Ordered list of model display names.

Returns the keys of the sources dict supplied at construction time, in insertion order. Each name corresponds to the value written into the model column on every derived-data DataFrame.

Returns:

Type	Description
`list[str]`	Model names in the order they were registered.

ModelSource ¶

Bases: PredictionsMixin, ClassificationCurvesMixin, FeatureImportanceMixin, ModelSelectionMixin, ClusteringMixin, RankingMixin, BaseSource

Wrap a fitted estimator + dataset and expose model-diagnostic derived data as polars DataFrames.

Constructing a ModelSource is sklearn-free — only attribute introspection runs at __init__ time. Derived-data methods that need sklearn / shap / umap lazy-import on call, so import ferrum never pulls those packages into the user's process unless they actually compute a diagnostic that requires them.

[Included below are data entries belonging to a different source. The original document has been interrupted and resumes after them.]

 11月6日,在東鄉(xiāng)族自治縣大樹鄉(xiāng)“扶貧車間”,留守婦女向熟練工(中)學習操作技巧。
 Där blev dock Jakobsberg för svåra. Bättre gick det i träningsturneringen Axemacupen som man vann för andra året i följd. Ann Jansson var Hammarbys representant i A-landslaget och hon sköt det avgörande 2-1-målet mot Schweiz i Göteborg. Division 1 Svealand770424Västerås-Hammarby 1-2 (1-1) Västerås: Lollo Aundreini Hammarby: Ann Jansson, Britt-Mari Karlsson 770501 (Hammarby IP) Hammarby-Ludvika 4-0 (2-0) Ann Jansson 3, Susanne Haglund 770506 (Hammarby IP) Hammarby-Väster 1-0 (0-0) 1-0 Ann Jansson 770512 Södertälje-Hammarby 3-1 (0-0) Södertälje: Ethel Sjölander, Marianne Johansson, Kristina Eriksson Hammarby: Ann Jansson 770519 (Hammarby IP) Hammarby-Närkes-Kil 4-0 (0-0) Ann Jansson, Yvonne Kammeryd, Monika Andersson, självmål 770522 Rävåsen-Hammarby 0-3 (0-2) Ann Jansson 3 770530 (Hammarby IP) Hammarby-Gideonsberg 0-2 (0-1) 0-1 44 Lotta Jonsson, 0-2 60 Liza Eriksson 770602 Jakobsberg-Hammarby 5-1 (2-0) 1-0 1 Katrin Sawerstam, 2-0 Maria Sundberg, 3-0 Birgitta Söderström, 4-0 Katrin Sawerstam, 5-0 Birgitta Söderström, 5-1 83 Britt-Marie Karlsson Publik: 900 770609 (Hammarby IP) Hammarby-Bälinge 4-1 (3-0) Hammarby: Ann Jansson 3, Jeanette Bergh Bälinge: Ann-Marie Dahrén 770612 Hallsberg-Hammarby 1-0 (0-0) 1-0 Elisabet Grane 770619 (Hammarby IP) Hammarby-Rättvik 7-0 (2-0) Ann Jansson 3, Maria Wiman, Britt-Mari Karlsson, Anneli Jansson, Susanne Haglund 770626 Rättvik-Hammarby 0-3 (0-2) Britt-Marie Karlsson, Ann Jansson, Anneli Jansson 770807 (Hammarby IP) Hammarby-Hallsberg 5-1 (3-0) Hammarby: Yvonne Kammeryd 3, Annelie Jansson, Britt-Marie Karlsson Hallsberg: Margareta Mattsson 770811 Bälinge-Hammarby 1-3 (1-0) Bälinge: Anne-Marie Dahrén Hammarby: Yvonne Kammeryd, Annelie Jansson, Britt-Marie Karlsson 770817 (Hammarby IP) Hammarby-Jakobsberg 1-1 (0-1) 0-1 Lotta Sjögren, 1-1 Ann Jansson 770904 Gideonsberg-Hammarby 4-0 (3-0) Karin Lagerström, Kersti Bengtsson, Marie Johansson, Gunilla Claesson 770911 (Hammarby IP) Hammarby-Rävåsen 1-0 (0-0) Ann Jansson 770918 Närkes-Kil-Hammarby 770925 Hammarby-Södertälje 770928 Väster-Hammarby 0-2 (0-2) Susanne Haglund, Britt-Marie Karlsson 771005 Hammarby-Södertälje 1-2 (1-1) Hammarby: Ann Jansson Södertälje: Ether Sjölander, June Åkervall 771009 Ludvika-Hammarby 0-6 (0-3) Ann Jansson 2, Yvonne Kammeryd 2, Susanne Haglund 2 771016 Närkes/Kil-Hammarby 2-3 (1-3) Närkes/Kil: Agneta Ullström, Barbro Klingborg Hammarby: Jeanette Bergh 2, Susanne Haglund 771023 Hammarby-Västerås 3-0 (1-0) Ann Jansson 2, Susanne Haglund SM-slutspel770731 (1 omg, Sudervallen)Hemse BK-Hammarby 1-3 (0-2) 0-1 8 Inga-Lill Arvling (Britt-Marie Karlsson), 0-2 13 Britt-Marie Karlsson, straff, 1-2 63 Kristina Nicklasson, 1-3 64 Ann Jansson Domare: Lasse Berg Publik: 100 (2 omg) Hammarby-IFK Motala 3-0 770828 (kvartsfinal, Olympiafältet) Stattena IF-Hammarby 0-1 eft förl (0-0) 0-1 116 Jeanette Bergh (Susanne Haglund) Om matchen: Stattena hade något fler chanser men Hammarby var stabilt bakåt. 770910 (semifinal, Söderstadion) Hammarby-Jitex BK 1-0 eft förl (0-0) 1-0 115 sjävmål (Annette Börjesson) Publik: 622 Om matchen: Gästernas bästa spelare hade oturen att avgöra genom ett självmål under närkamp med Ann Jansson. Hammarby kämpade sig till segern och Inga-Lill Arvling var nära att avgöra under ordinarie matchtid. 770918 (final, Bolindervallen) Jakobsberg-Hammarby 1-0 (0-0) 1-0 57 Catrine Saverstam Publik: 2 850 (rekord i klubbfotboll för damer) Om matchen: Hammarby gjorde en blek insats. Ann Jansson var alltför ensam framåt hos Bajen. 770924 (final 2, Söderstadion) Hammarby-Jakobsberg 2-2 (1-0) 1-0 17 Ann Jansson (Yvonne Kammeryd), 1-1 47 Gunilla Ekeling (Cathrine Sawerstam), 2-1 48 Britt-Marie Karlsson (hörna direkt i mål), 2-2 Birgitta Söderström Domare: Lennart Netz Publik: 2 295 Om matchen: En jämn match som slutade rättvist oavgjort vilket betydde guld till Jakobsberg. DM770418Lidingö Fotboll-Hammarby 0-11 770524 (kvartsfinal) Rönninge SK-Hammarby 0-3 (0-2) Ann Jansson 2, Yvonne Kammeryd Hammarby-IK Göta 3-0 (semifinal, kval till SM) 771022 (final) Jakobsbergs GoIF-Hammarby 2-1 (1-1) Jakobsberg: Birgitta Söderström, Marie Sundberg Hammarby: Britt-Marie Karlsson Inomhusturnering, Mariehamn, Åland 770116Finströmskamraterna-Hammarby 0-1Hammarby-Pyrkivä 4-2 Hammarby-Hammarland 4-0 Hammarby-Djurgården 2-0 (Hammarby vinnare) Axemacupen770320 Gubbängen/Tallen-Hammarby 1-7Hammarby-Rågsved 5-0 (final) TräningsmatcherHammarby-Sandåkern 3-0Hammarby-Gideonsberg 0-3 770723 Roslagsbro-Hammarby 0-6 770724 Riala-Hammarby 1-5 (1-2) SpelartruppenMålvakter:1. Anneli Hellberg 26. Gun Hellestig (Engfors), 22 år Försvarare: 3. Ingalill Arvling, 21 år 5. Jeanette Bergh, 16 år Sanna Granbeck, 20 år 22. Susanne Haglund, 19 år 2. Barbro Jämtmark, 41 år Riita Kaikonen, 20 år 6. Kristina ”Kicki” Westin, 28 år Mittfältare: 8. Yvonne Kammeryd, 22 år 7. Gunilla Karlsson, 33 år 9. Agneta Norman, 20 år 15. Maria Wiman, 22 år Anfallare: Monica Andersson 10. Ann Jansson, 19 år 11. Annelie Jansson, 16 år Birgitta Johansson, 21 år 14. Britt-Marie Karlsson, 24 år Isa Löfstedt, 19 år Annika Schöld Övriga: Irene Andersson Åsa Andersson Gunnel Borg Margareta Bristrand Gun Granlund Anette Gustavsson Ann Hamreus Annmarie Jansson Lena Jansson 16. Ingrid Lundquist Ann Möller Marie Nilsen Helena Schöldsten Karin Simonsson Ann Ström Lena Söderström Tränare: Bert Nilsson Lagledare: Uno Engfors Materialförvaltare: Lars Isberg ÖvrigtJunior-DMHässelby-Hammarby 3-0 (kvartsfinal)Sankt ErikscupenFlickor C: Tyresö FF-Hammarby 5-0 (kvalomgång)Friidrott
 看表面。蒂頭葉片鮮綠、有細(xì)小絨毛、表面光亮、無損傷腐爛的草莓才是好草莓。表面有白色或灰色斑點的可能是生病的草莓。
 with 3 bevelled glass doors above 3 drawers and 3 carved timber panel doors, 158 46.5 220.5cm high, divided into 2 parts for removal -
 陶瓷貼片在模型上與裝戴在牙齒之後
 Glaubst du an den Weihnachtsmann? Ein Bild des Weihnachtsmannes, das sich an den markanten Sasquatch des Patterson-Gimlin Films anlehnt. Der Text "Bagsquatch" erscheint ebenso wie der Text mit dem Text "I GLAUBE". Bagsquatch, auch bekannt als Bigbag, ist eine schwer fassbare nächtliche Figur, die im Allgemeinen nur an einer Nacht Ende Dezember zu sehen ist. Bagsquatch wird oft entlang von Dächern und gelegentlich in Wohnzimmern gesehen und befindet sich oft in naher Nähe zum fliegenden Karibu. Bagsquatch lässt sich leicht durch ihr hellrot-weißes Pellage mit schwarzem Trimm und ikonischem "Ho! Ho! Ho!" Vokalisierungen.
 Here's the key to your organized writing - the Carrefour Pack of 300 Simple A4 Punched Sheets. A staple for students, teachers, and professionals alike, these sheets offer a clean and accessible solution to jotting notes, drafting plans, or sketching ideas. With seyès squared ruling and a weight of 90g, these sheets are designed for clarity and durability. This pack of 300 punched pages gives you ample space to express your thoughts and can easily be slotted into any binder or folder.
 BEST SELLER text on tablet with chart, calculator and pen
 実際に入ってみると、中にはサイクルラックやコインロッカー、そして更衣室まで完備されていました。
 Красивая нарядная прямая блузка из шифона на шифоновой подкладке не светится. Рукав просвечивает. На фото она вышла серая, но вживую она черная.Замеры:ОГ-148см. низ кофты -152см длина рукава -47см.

Each derived-data method returns a long-form polars DataFrame whose schema is documented in ferrum._diagnostics.schemas — chart builders and Visualizers consume the same frames.

Parameters:

Name	Type	Description	Default
`model`	`Any`	A fitted estimator. Must expose at least `predict`; some methods require additional protocol attributes (`predict_proba`, `coef_`, `feature_importances_`, `cluster_centers_`, `explained_variance_ratio_`, …) and raise `AttributeError` with the missing attribute name when called against an incompatible model.	required
`X`	`DataFrame \| DataFrame \| Table \| ndarray`	Feature matrix. Coerced internally to a polars DataFrame; any `narwhals`-compatible input also works.	required
`y`	`array - like`	Target. Required by methods that depend on ground truth (every method except `probabilities` and the unsupervised `silhouette` / `pca_variance` / `embeddings` / `intercluster_distance` / `rank1d(algorithm != "covariance")` / `rank2d` family).	`None`
`feature_names`	`sequence of str`	Column labels. Defaults to `X.columns` when `X` is a DataFrame, or `["f0", "f1", ...]` otherwise.	`None`
`class_names`	`sequence of str`	Per-class display labels for classification diagnostics. Defaults to `model.classes_` when available, else the unique values of `y`.	`None`
`sample_weight`	`array - like`	Per-row weights forwarded to sklearn scorers that accept them.	`None`
`random_state`	`int`	Seed propagated to every derived-data method whose underlying compute consumes randomness (importances permutation, SHAP background sampling, UMAP / t-SNE / MDS embeddings, cross-validation curves, partial-dependence sampling). Deterministic methods ignore the value.	`None`

Examples:

>>> import ferrum as fm
>>> source = fm.ModelSource(model, X, y, random_state=0)
>>> fm.roc_chart(source)              # use directly with a figure function
>>> source.predictions()              # access derived data as a DataFrame
>>> source.confusion_matrix(normalize="true")

X `property` ¶

X: DataFrame

Feature matrix coerced to a polars DataFrame.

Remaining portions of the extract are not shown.